Read the next field which will be interpreted as the "number of data bytes" value.
To do this, we offset the scanner by 9 (the length of ":CURVE #2") and read so many ASCII bytes as obtained on the previous step, so we use #9a$n for the format: $n is just obtaining the value of a variable named "n", and it will be 2 in our case. Then we scan the obtained value and finally get the number of the following raw data.
Since we will read 16-bit integers, not bytes, we divide this number by 2 and store the result to the "numints" variable.
Read the data. To do this, we have to offset the scanner by the length of the header. We use #${headerlen}S${numints} for the format string. Tcl expands those ${varname} before passing the string to the binary scan so the actual string in our case will be #11S12 which means "offset by 11 bytes then scan 12 16-bit big-endian integers".
binary scan puts a list of integers to the variable which name is passed, so no additional decoding of those integers is needed.

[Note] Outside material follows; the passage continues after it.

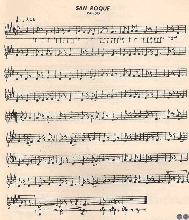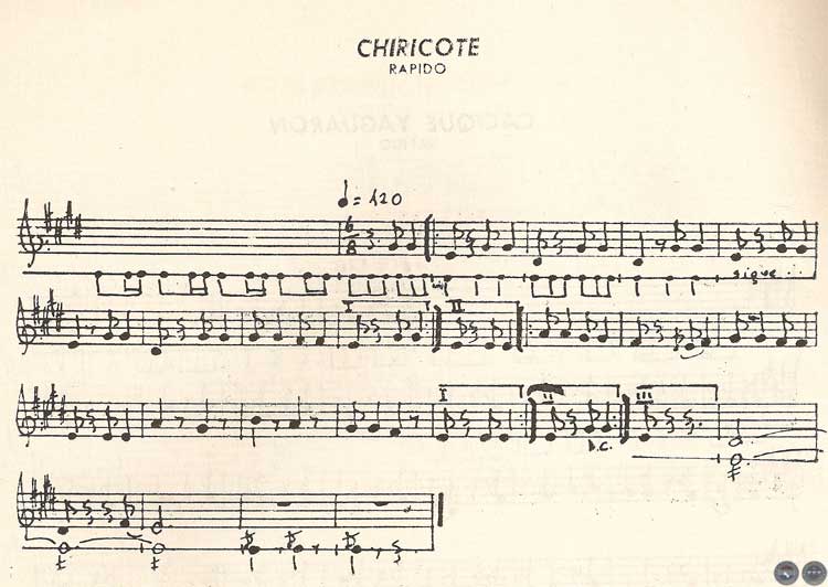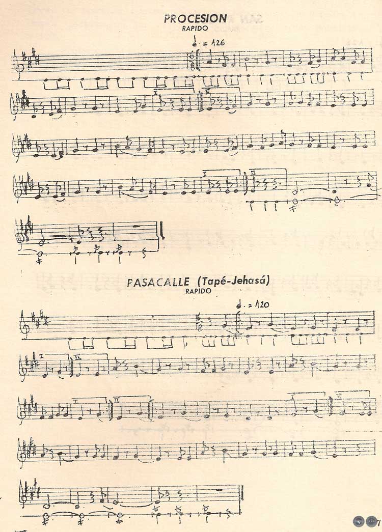 En "Procesión", "Pasacalle", "San Roque" y "Chiricóte" se nota la presencia de los centros tonales, fundamentalmente entre la tercera mayor (Mí — Sol =) y en forma secundaria en la tercera menor (Re = — Fa =). Inclusive en algunos casos la relación de varias notas conforma un arpegio mayor, es decir que el "concepto tonal" existe en forma natural y evidente:

Note that in the real program you should probably do certain sanity checks:
* After the first step check that the static part of the header is really ":CURVE #".
* Check the return value of binary scan and scan after each invocation and check it equals to the number of variables passed to the command (which means the command was able to parse the data).
One more insight. The manual you cited says:
is the number of bytes to transfer including checksum.
so it's quite possible that not all of those data bytes represent measures, but some of them represent the checksum. I don't know what format (and hence length) and algorithm and position of this checksum is. But if the data does indeed include a checksum, you can't interpret it all using S*. Instead, you will probably take another approach:
Extract the measurement data using string range and save it to a variable.
binary scan the checksum field.
Calculate the checksum on the data obtained on the first step, verify it.
Use binary scan on the extracted data to get back your measurements.
Checksumming procedures are available in tcllib.
# Download waveform
set RIBinaryWaveform [::VISA::Query ${VisaAlias} "CURVe?"]
# Extract block format data
set ResultCount [expr [string range ${RIBinaryWaveform} 2 [expr [string index${RIBinaryWaveform} 1] + 1]] / 4]
# Parse out leading label from Tektronics block format
set RIBinaryWaveform [string range ${RIBinaryWaveform} [expr [string index ${RIBinaryWaveform} 1] + 2] end]
# Convert binary data to integer values
binary scan ${RIBinaryWaveform} "I${ResultCount}" Waveform
set Waveform
Okay, the code above does the magic trick. This is very similar to all the things discussed on this page, but I figured I needed to clear up the confusion about the numbers from the binary conversion being different from the numbers received in ASCII.
After troubleshooting with a Tektronix application specialist we discovered that the data I had been receiving after the binary conversion (the numbers that were off by a few digits) were actually the true values captured by the scope.
The reason the ASCII values are wrong is a result of the binary-to-ASCII conversion done by the instrument and then the incorrect values are then passed by the scope to TCL.
So, we had it right a few days ago. The instrument was just throwing me for a loop.